The front of your property is, in some respects, the most important area of your garden. It’s the first thing visitors see, and no matter how well presented the rest of the house and garden is, a drab or untidy garden entrance is not going to make a good first impression.

An appealing and functional entrance area is also important for your own sense of satisfaction; after all, it’s something that you look at and use every day. Not only does it make you feel better about your house and garden, it provides valuable security and privacy.

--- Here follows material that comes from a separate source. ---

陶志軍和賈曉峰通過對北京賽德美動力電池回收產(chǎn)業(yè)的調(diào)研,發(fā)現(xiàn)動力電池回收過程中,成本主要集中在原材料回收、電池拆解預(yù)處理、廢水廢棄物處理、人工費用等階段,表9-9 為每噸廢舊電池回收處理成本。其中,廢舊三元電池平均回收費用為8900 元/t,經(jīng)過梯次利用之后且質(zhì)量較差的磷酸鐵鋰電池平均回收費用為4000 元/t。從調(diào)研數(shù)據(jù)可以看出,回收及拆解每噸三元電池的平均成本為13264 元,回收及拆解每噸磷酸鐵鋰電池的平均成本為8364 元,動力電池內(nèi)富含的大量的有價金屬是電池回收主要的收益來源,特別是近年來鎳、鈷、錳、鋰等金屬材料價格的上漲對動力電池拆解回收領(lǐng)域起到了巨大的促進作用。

Is your Front Garden up to Scratch?

Look at the following features in your front garden. These are the things that make a public statement about you and your lifestyle. How well do they shape up?

Front gate

Front fence

Paths

Driveway

Letterbox

Front door

Garage door/carport

Porch or front verandah

Lawns, garden beds and pot plants

Ornaments

What makes a Functional Garden Entrance?

As with any other part of the garden, the success of the garden entrance depends on good planning.

Consider the following:

*Do you want the front garden to be seen fully from the street, house or surrounding area, or do

you want it hidden? How much privacy do you want?

*Do you want to encourage or discourage visitors into the property? This will affect the height and position of fences and the accessibility of the paths.

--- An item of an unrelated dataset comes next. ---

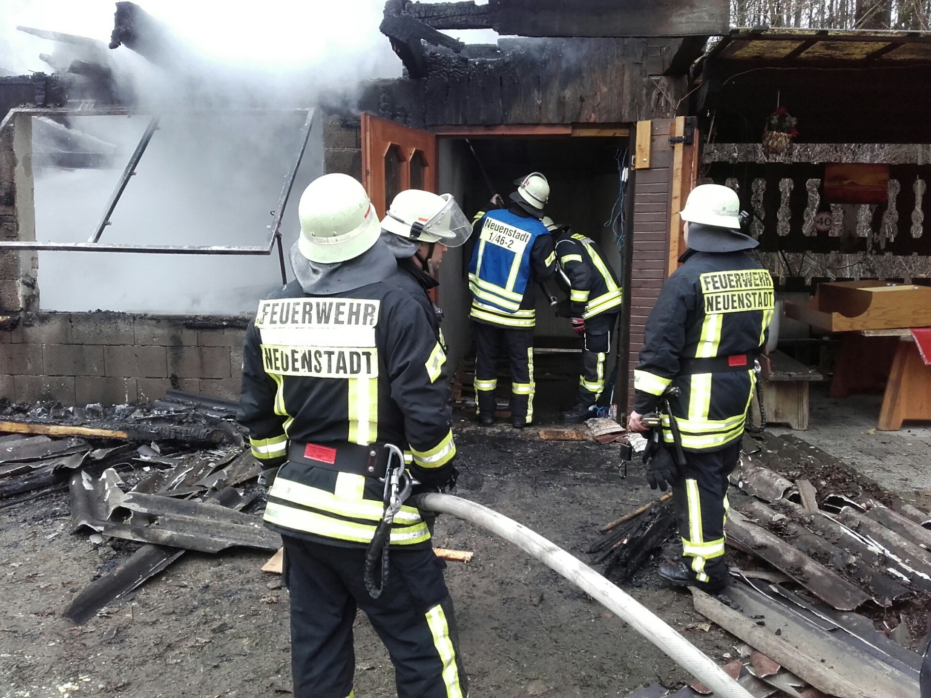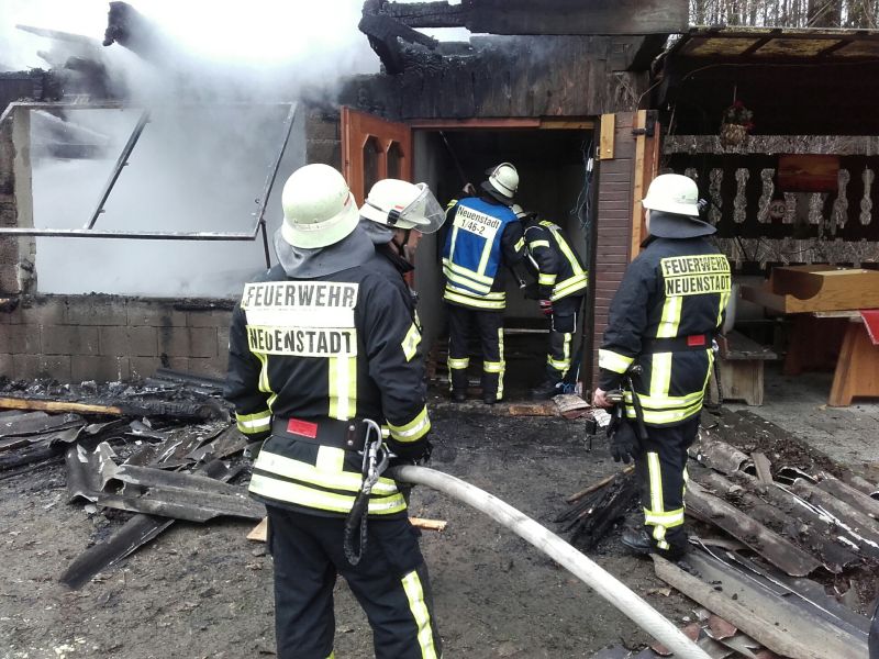 Beim Eintreffen der FW Neuenstadt, Abteilung Stein-Kochertürn, stand der Innenraum des massiven Gebäudes bereits im Vollbrand. Das Feuer hatte sich auch bereits in die Flachdachkonstruktion ausgebreitet.

*How many cars do you need to park inside the property? This affects the length and design of the driveway, an often neglected entry point.

*How important is security? Do you need to lock animals in or out?

*What areas of the garden do you want to be seen; what do you want kept out of sight?

(such as compost area, storage and clothesline)

What makes an Appealing Front Garden?

Neatness and tidiness are the two most important elements of a good front garden. No matter how much effort and money is spent on the house and garden design, the effect is immediately destroyed by

overgrown lawns, messy edges, weedy garden beds, and tools and toys scattered around the drive and front lawn. If lawn mowing and garden maintenance aren’t your thing, maybe you should think about paving all or part of the front area.

Don’t overlook details such as peeling or faded paintwork, rusting metal (on letterboxes and fences) or rotting timber. They detract from the overall presentation but can be easily fixed.

Always use landscape materials that are in keeping with the overall house and garden style, and don’t use too many different types of materials.

One or two focal points such as an arch, birdbath or pots placed near the front entrance will create interest in your front garden, but don’t overdo it. Think about whether you want these on public display, to be viewed from the street (and whether this will be a security problem), or whether they are for your own private enjoyment.

TIP

If the area is dark or shaded, use light colours in paving, and variegated foliage to make it seem more open and inviting.